The Review Group also recommended keeping the leave stage. But unlike the Law Reform Commission, it recommended raising the bar, tightening the filter’s weave, imposing a high(er) standard on the applicant at the leave stage.
The standard for leave
To get leave for common law judicial review applicants have to show that they have an arguable case. Legislation for some kinds of judicial review provides that leave can only be given when the applicant establishes ‘substantial grounds’. The Review Group thought this didn’t go far enough. For common law judicial review, it recommended that the court should give leave only when the applicant satisfies it that the claim has both ‘substantial grounds’ and a ‘reasonable prospect of success’. And it recommended considering ‘reasonable prospect of success’ as a layer in the filter for statutory judicial review too.

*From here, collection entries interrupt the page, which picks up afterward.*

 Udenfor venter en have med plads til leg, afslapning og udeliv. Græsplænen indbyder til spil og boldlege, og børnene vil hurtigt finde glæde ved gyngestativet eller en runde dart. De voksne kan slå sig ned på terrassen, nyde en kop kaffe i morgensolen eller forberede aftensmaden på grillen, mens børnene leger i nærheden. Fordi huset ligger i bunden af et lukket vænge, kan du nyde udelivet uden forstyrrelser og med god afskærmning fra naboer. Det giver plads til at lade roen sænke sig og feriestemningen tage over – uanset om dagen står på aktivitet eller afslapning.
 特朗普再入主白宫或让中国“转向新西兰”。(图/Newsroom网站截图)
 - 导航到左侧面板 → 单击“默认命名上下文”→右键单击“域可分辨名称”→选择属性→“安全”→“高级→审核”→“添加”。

- leave to apply for judicial review
- an interlocutory injunction (in ordinary litigation).
To obtain an interlocutory injunction (a court order usually preventing the other party from doing something, until trial and judgment), you do not have to convince the court that the case has a reasonable prospect of success, or even substantial grounds; not even a prima facie case. As far as the merits of the claim are concerned, you only need show that there is a fair question to be tried. Then, if the balance of justice favours it, the court will issue an interlocutory injunction until trial.
Differences, even anomalies, are inevitable in an array of remedies that has developed over hundreds of years. A review of the system gives an opportunity to establish some coherence.
Standing
Applicants for judicial review have to show that that they have a ‘sufficient interest in the matter to which the application relates’. The Review Group proposes to raise the bar from ‘sufficient’ to ‘substantial’ interest.

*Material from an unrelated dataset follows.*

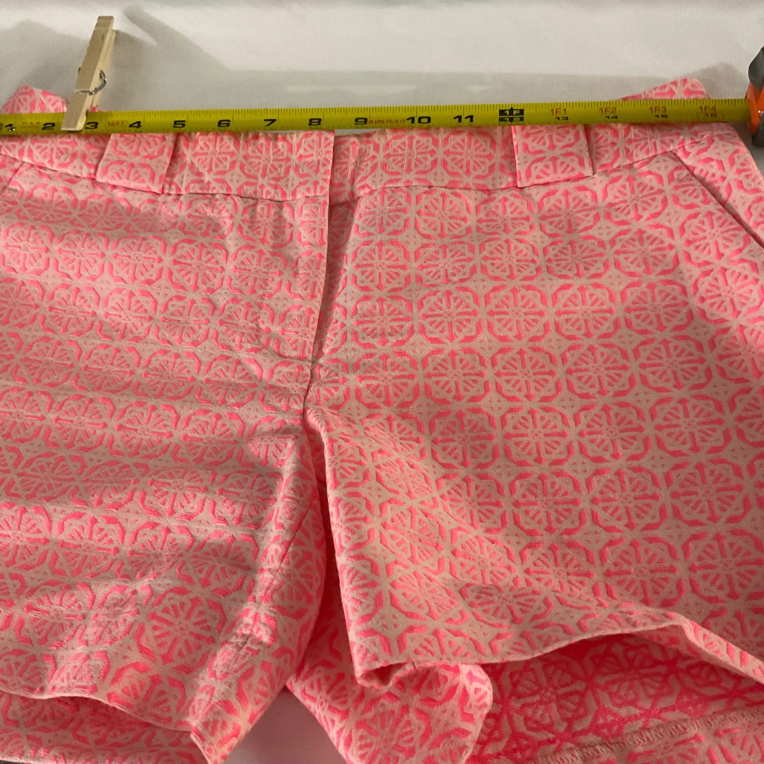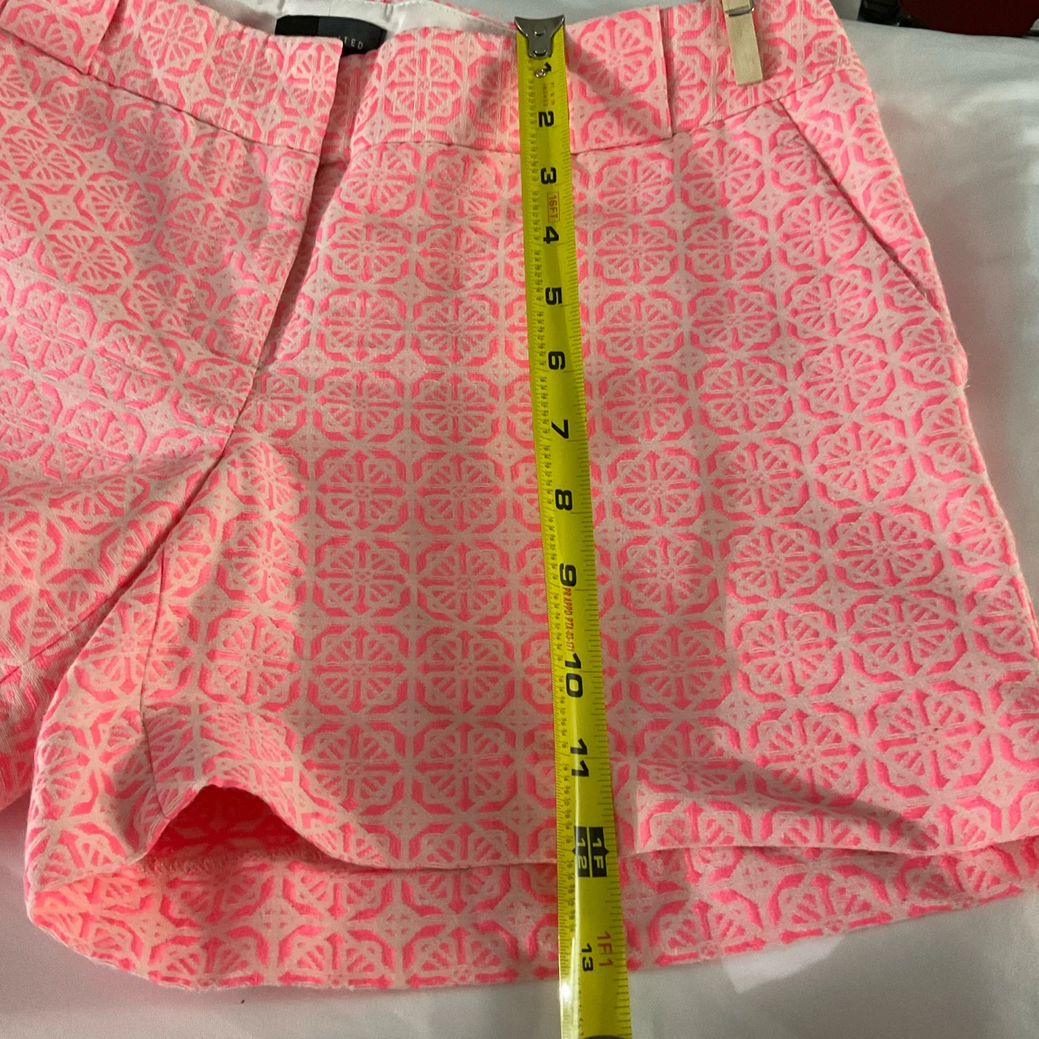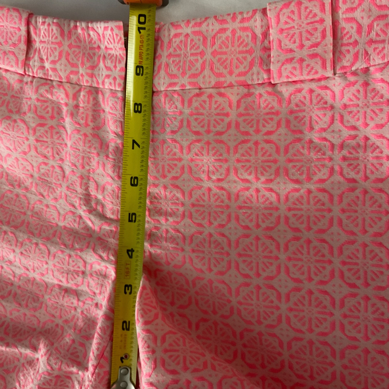 Style:Patterned textured short SH30J2443 Color: Pink/White Size: 6 Waist: 16' Length: 12" Condition: Good 57% Cotton 33% Polyester 10% Spandex Machine wash/dry clean

The report is very brief on this, just a few lines giving one reason: the change would accord with a number of statutory provisions. The only one cited is the Transport (Railway Infrastructure) Act 2001, §47 A(2)(b). The reference is to the amendment made by the Planning and Development (Strategic Infrastructure) Act 2006, §49, which added the the ‘substantial interest’ requirement. But it was changed to ‘sufficient interest’ in the European Union (Access to Review of Decisions for Certain Bodies or Organisations Promoting Environmental Protection) Regulations 2014 (SI 352/2014) reg 10. That was to give effect to Directive 2003/25 EC, part of the legislation to implement the Aarhus convention.
The State must have considered that the higher ‘substantial interest’ requirement did not comply with Ireland’s EU and international obligations.
Other matters
The report suggests that judicial review should not be available to rectify minor errors unless the applicant has first tried to have the court or body that made the decision fix the error. Where this solution is available (it isn’t always), it is sensible.
There is usually a time limit of three months to apply for judicial review. There is a debate about whether this means three months to file an application in the High Court Central Office (like most time limits), or three months to stand up in court and make an ex parte application for leave. Helpfully, the report recommends that the requirement should be three months to file the leave application (which should then be listed for hearing on the next available date).
And the report recommends a (much-needed) tightening-up of time limits and procedures to avoid delay in hearing of applications once leave is given.